The denominator of d1* being the square root of the inter-model variance + s(b0)^2, such a reduction of s(b0)^2 should yield a denominator reduced to sqrt(2/3)=0.8 times its Santer08 value. And that’s a lower bound, obtained by neglecting the inter-model variance.

So this gives an upper bound for d1* = 1.25 times its Santer08 value. You find a x4 increase (1.69 vs 0.37).

What have I done wrong? Is s(b0) reduced by more that that? Is the inter-model variance reduced as well?

4. Kenneth Fritsch
Posted Aug 13, 2010 at 3:02 PM | Permalink

I assume that Lapse_T2LT and Lapse_T2 refer to the difference series between the troposphere and surface temperature anomalies.

5. RomanM
Posted Aug 13, 2010 at 7:34 PM | Permalink

Santerizing the models is not now nor ever will be a legitimate statistical procedure for the simple reason that statisticians do not consider the mere failure to reject the null hypothesis as evidence to support that hypothesis.

The problem of trying to show that the null hypotheses could be true also exists in other scientific areas. In particular, in bioavailability tests, a pharmaceutical company manufacturing a generic version of a drug tries to demonstrate that their product will be absorbed by the body in a manner equivalent to the original preparation. The testing required from the drug manufacturer must show that the null hypothesis of no difference in the mean absorption is not rejected.

However, in order to guarantee that the result is not due to high variability in the sample or to insufficient information due to an inadequate sample size, they must also show that if the difference between the two formulations was greater than a specified amount, the procedure would reject the null hypothesis at a predetermined significance level (in technical terms, the power of the test would be sufficient to distinguish differences of the given magnitude). This portion is completely lacking in the procedure used by Santer rendering the test useless.

Dr. Pielke demonstrated in his presentation how the latter procedure works: More garbage in … Santerized models out.

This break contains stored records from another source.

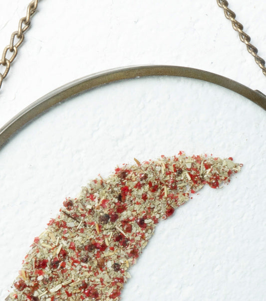 Cornice in vetro e ottone con una Mezza Luna di fiori essiccati
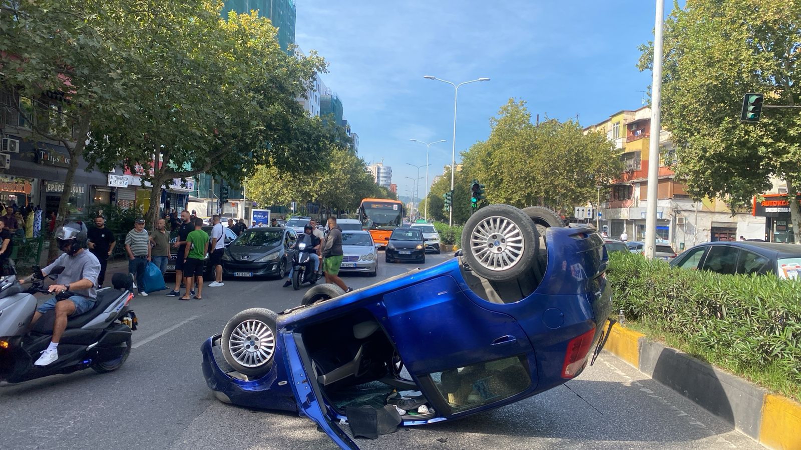 Një aksident rrugor ka ndodhur mesditën e sotme në një nga zonat më të frekuentuara të kryeqytetit, pranë “21 Dhjetorit”.
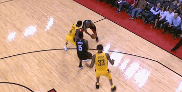 類似的畫面本場比賽不止一次出現,第四節比賽打到6分23秒,Paul一次右路突然加速突破上籃得分,從啟動到完成出手,你就感覺整個過程他隨時都有應變的後招,讓對手想要補防都擔心身後漏人,最終任由他過城門一般輕鬆拿下兩分。
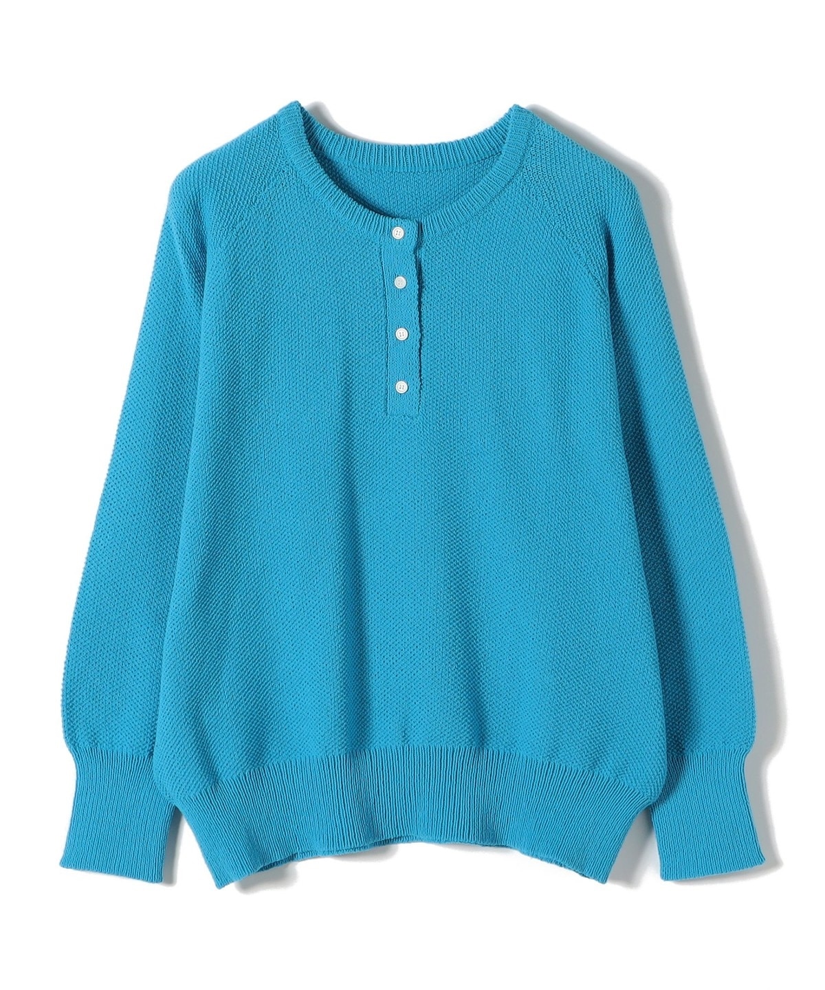 3. SHIPS Colors:〈手洗い可能〉ペーパー ライク ヘンリーネック 2WAY ニット◆ ライトブルー

• Posted Aug 14, 2010 at 11:55 AM | Permalink

Re: RomanM (Aug 13 19:34),
Yep. We never see information on power of the test when we get “fail to reject”. The power (or type II error) was discussed in my sophomore year statistics class, so it’s odd not to see it. There also never seems to be any suggestion that if we are testing a hypothesis HO and specify our assumptions about the process, we should, when possible, pick a method with greater power. (So for example, if a time series really IS AR(1), and we have a choice between using monthly data vs. annual average data, we should generally prefer a method that gives us more power. Admittedly, if the higher method requires a super-computer to implement and the poorer one can be done on a spreadsheet, one might go for the lower power method for that reason. But all things being equal, the higher power method is preferred.)

6. Lewis
Posted Aug 14, 2010 at 11:50 AM | Permalink

Santerizing the models is not now nor ever will be a legitimate statistical procedure for the simple reason that statisticians do not consider the mere failure to reject the null hypothesis as evidence to support that hypothesis.

Like you said!

7. Lewis
Posted Aug 14, 2010 at 11:56 AM | Permalink

Also, there’s a known rule of common sense – keep pharmacists away from statistics! How many press releases of ‘statistical significance’ are reported as red letter news! And yet, with climate science, we give them a pass!

8. PaulM
Posted Aug 14, 2010 at 12:07 PM | Permalink

Roman you are muddying the waters a bit. Steves point is that the null is rejected, with all the data!